Out of Scope (This Phase):

  • Multi-cloud provider support (AWS-only initially, SPI designed for future)
  • Cross-region failover
  • Real-time collaborative lab sessions
  • Custom node definition management

2. Functional Requirements

2.1 LabletDefinition Management

FR-2.1.1: Definition CRUD Operations

ID Requirement Priority
FR-2.1.1a System SHALL allow creation of LabletDefinitions via REST API P0
FR-2.1.1b System SHALL store LabletDefinitions as immutable versioned aggregates P0
FR-2.1.1c System SHALL support semantic versioning (MAJOR.MINOR.PATCH) P0
FR-2.1.1d System SHALL auto-increment version on detected diff from artifact P1
FR-2.1.1e System SHALL allow admin to override/rename version tags P1

FR-2.1.2: Definition Attributes

A LabletDefinition SHALL include:

Attribute Type Required Description
id UUID Yes Unique identifier
name string Yes Human-readable name
version semver Yes Semantic version (e.g., "1.2.3")
form_qualified_name string Yes Globally unique content identifier (e.g., "Exam CCNP ENCOR v2.3 LAB 2.3.4a")
lab_artifact_uri URI Yes S3/MinIO path to CML Lab YAML
lab_yaml_hash string Yes SHA-256 of lab YAML content
content_bucket_name string Yes S3/MinIO bucket (slugified form_qualified_name)
resource_requirements object Yes CPU, memory, storage needs
license_affinity enum[] Yes Compatible license types
node_count integer Yes Total nodes in lab topology
port_template object Yes Port allocation template
grading_rules_uri URI No Path to grading criteria
warm_pool_depth integer No Pre-provisioned lablet count
max_duration_minutes integer Yes Maximum session duration
owner_notification object No Contact info for crash notifications
created_at datetime Yes Creation timestamp
created_by string Yes Creator identity

form_qualified_name

The form_qualified_name is the globally unique key that enables multiple systems (LCM, LDS, Assessment Platform) to access shared content in S3/MinIO. The bucket name is derived by slugifying this value (e.g., "exam-ccnp-encor-v2-3-lab-2-3-4a").

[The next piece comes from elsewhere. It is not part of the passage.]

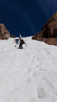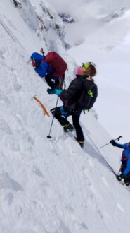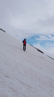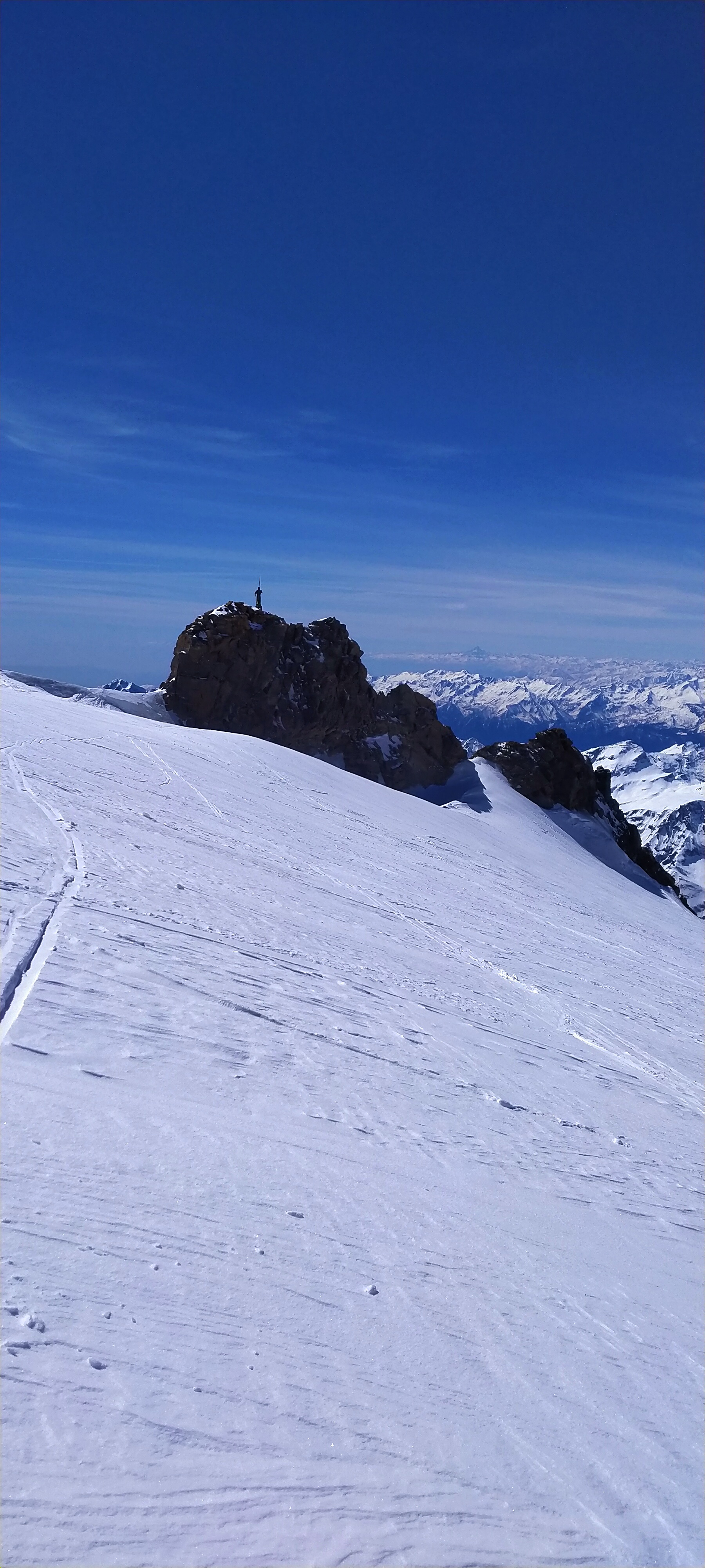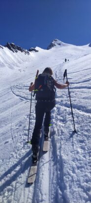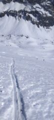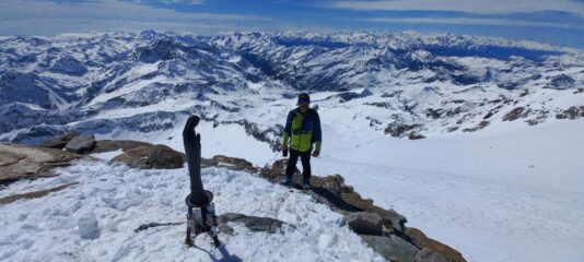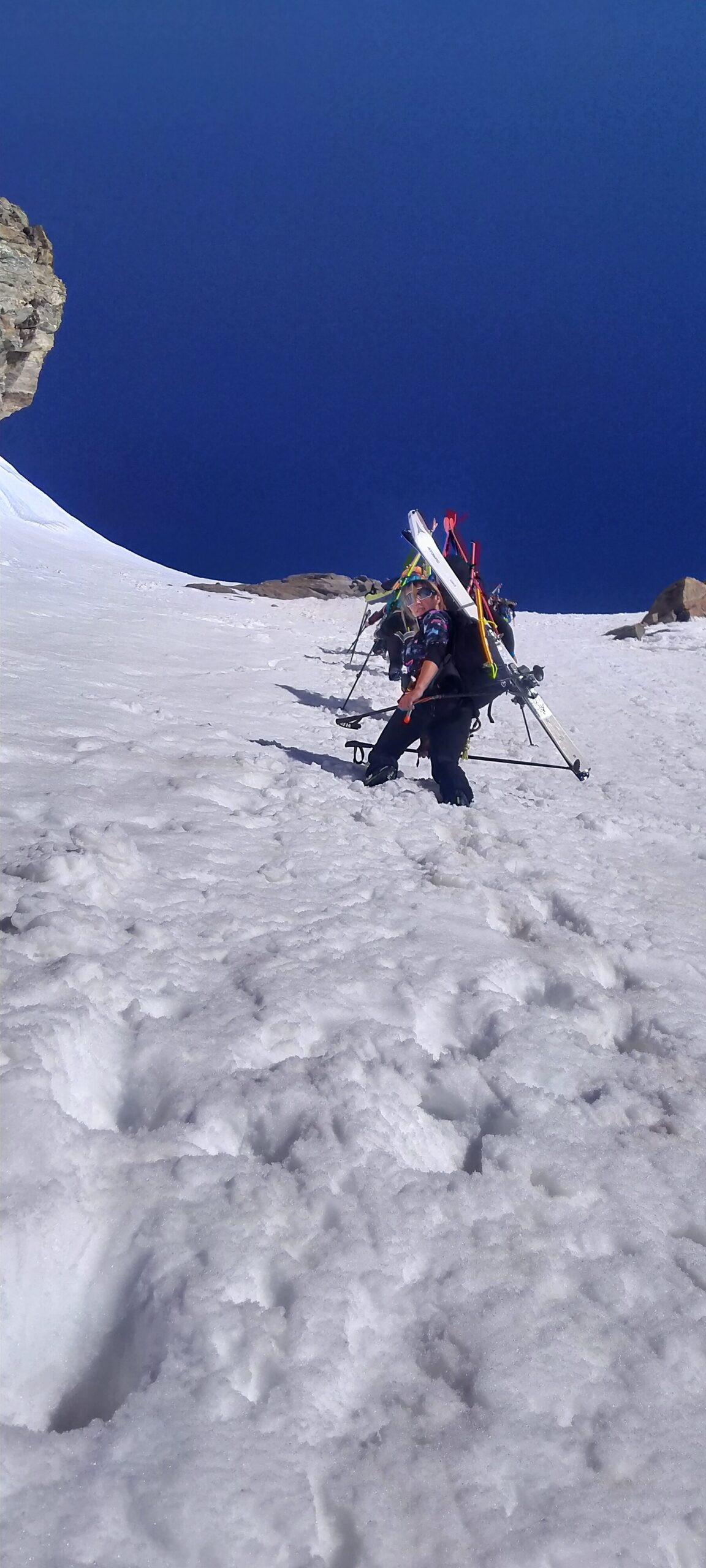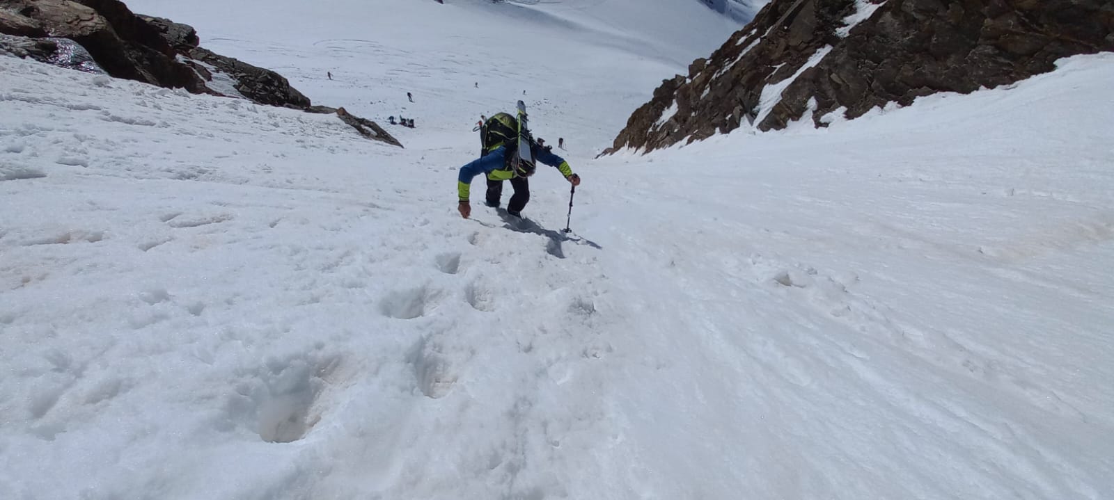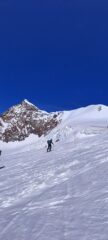 Partiti da Alagna - Indren , ultimo we con impianti aperti. Saliamo bene su neve trasformata che non richiederà mai uso di rampanti. Decidiamo di risalire…

FR-2.1.3: Resource Requirements Schema

resource_requirements:
  cpu_cores: 4          # Minimum CPU cores
  memory_gb: 8          # Minimum RAM in GB
  storage_gb: 50        # Minimum storage in GB
  nested_virt: true     # Requires nested virtualization
  ami_requirements:     # Optional AMI constraints
    - name_pattern: "CML-2.9.*"
    - min_version: "2.9.0"

FR-2.1.4: License Affinity

ID Requirement Priority
FR-2.1.4a System SHALL support license types: PERSONAL, ENTERPRISE, EVALUATION P0
FR-2.1.4b System SHALL validate node_count against license capacity at scheduling P0
FR-2.1.4c Personal license: max 20 nodes P0
FR-2.1.4d Enterprise license: unlimited nodes P0

FR-2.1.5: Artifact Synchronization

ID Requirement Priority
FR-2.1.5a System SHALL download lab YAML from S3/MinIO on demand P0
FR-2.1.5b System SHALL detect changes via hash comparison P0
FR-2.1.5c System SHALL prompt admin for version tag on detected diff P1
FR-2.1.5d System SHALL cache downloaded artifacts locally P2

FR-2.1.6: LDS Content Synchronization

ID Requirement Priority
FR-2.1.6a System SHALL call LDS refresh_content when a LabletDefinition is versioned P0
FR-2.1.6b Content refresh SHALL be triggered synchronously via lablet-controller P0
FR-2.1.6c System SHALL pass form_qualified_name to identify content in S3/MinIO P0
FR-2.1.6d System SHALL log content refresh results for audit P0

Content Package Structure (S3/MinIO):

The content bucket (derived from form_qualified_name) SHALL contain:

<slugified-form-qualified-name>/
β”œβ”€β”€ content.xml          # Device definitions and UI layout
β”œβ”€β”€ cml.yaml             # CML lab topology (nodes, links, annotations)
β”œβ”€β”€ tasks/               # Task definitions for LDS UI
└── assets/              # Supporting files (images, scripts)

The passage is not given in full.